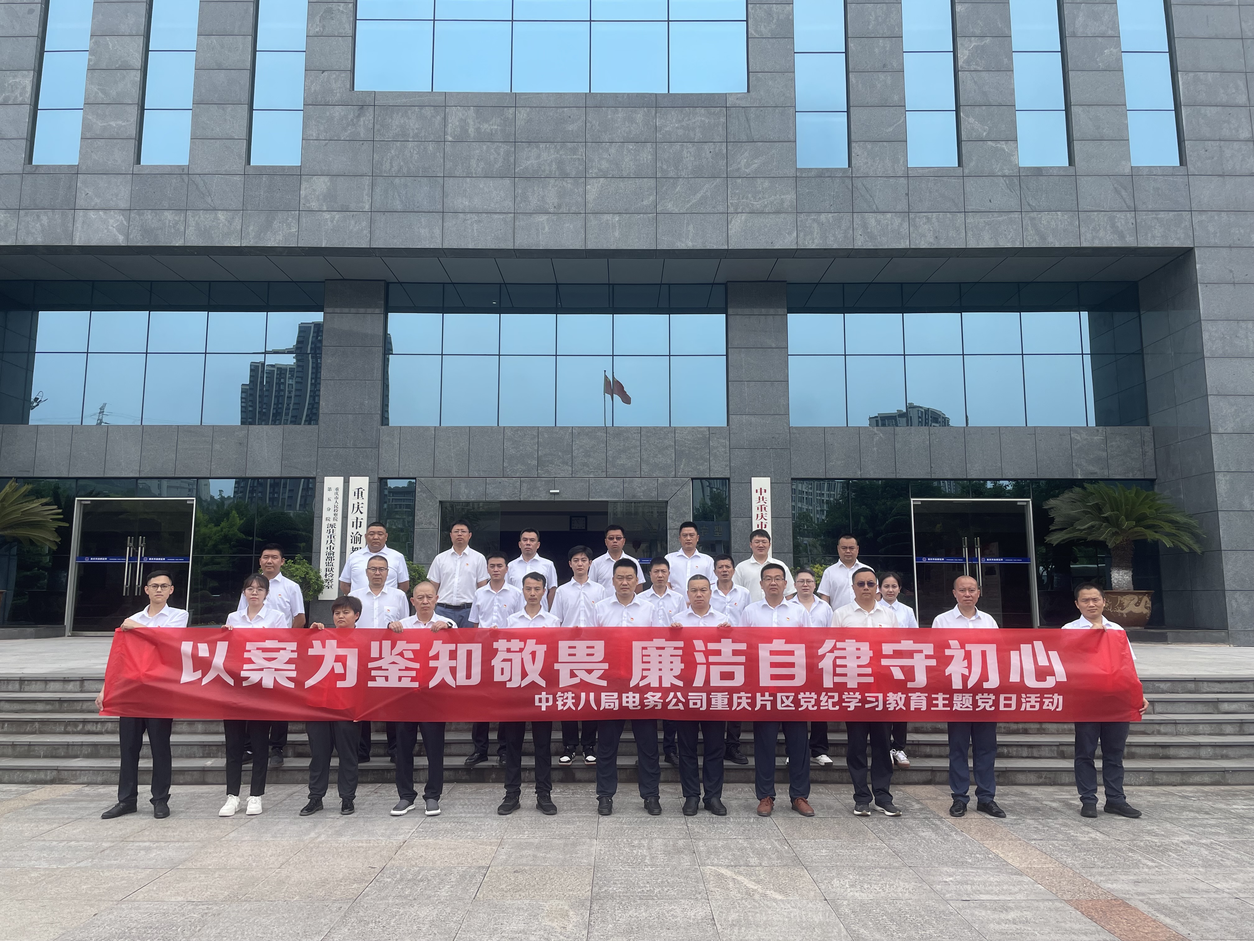 为扎实推进党纪学习教育,切实提高党员干部廉洁从业意识和拒腐防变能力,增强党组织的凝聚力和战斗力,7月9日上午,重庆片区第五项目部党支部和接触网三项目部党支部党员干部共计27人走进重庆渝都监狱,联合开展了“以案为鉴知敬畏 廉洁自律守初心”为主题的党纪学习教育主题党日活动。
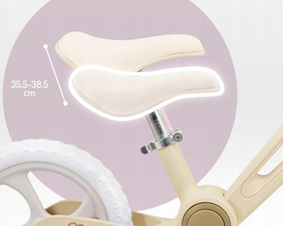 Poganjalec ima možnost hitre spremembe višine sedeža brez uporabe orodja. Zahvaljujoč temu je prilagoditev vozila otrokovi višini izjemno preprosta in hitra, kar se odraža v udobju vsakodnevne uporabe in dolgotrajne uporabe kolesa.
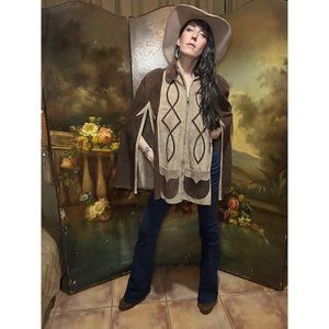 1960s VINTAGE LEATHER CAPE Slits Zipper Detailing Two Tone
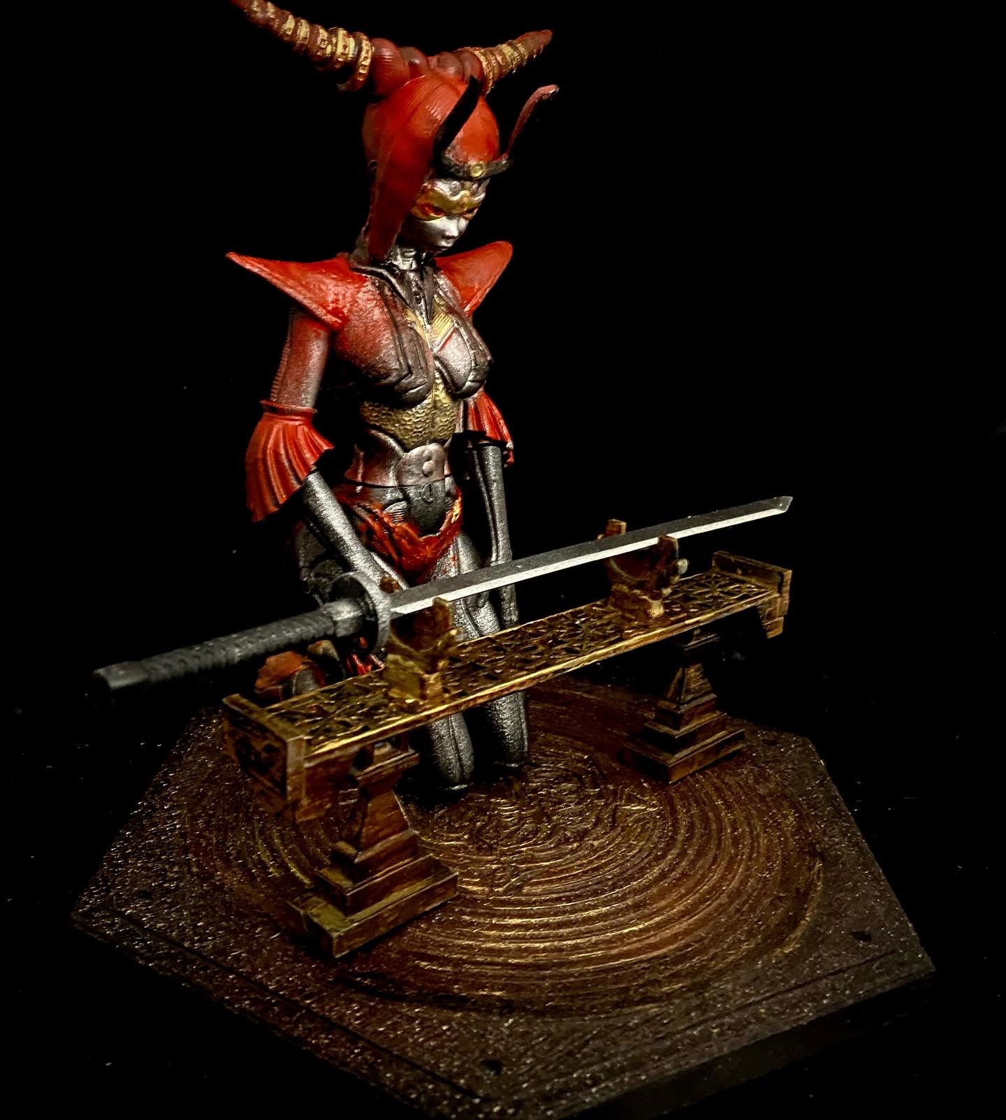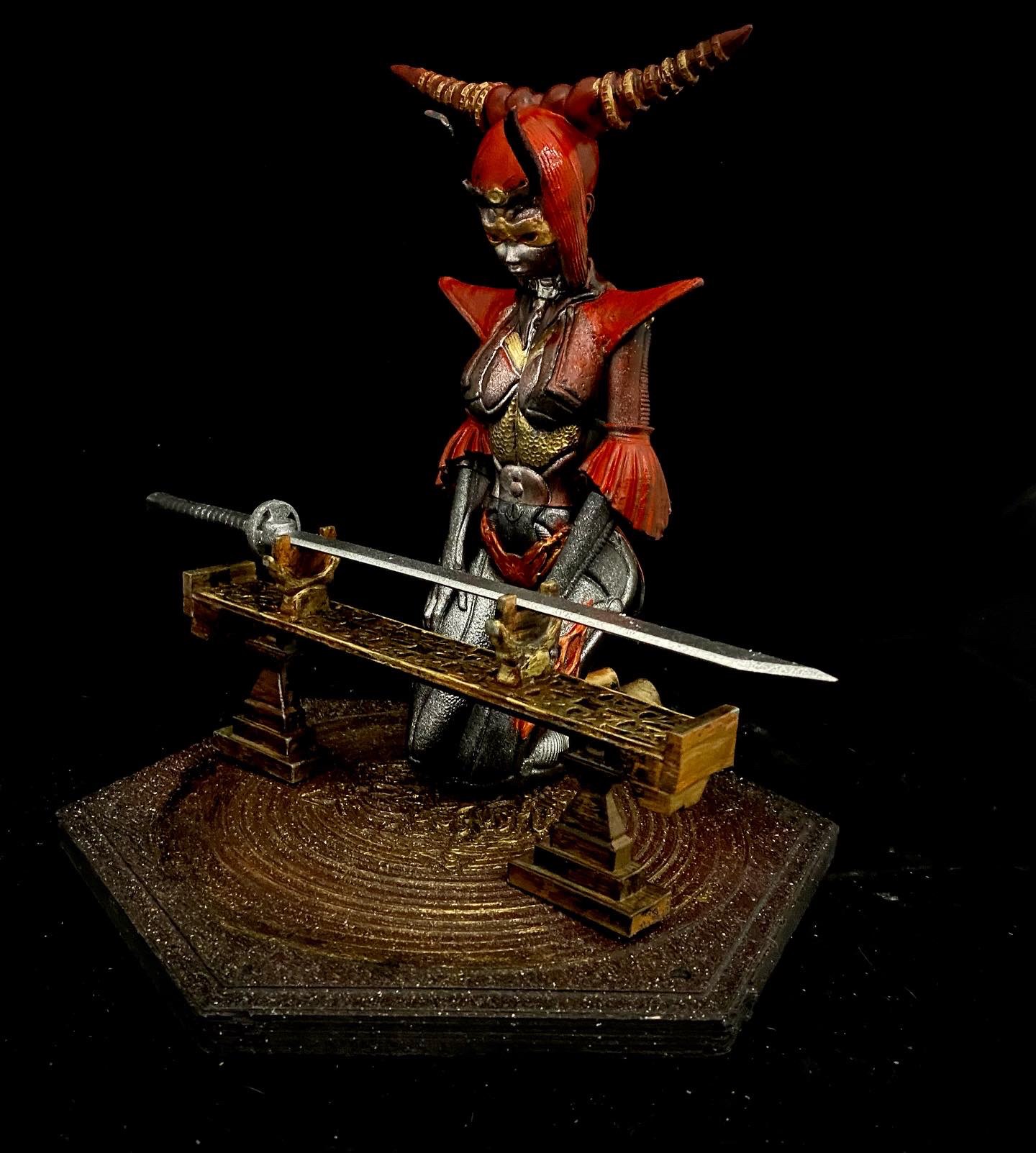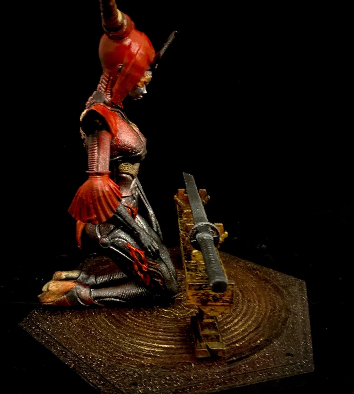 This is another beautiful piece by Walades, in which a samurai cyborg studies her blade. This is one that I turned into an NFT, back when that was a thing, by superimposing her into a background that seemed fitting.

************

◆ Your objective ◆
Set down all of the material above exactly as written, leaving the pictures out.

◆ Reply to the task ◆
 为扎实推进党纪学习教育,切实提高党员干部廉洁从业意识和拒腐防变能力,增强党组织的凝聚力和战斗力,7月9日上午,重庆片区第五项目部党支部和接触网三项目部党支部党员干部共计27人走进重庆渝都监狱,联合开展了“以案为鉴知敬畏 廉洁自律守初心”为主题的党纪学习教育主题党日活动。
 Poganjalec ima možnost hitre spremembe višine sedeža brez uporabe orodja. Zahvaljujoč temu je prilagoditev vozila otrokovi višini izjemno preprosta in hitra, kar se odraža v udobju vsakodnevne uporabe in dolgotrajne uporabe kolesa.
 1960s VINTAGE LEATHER CAPE Slits Zipper Detailing Two Tone
 This is another beautiful piece by Walades, in which a samurai cyborg studies her blade. This is one that I turned into an NFT, back when that was a thing, by superimposing her into a background that seemed fitting.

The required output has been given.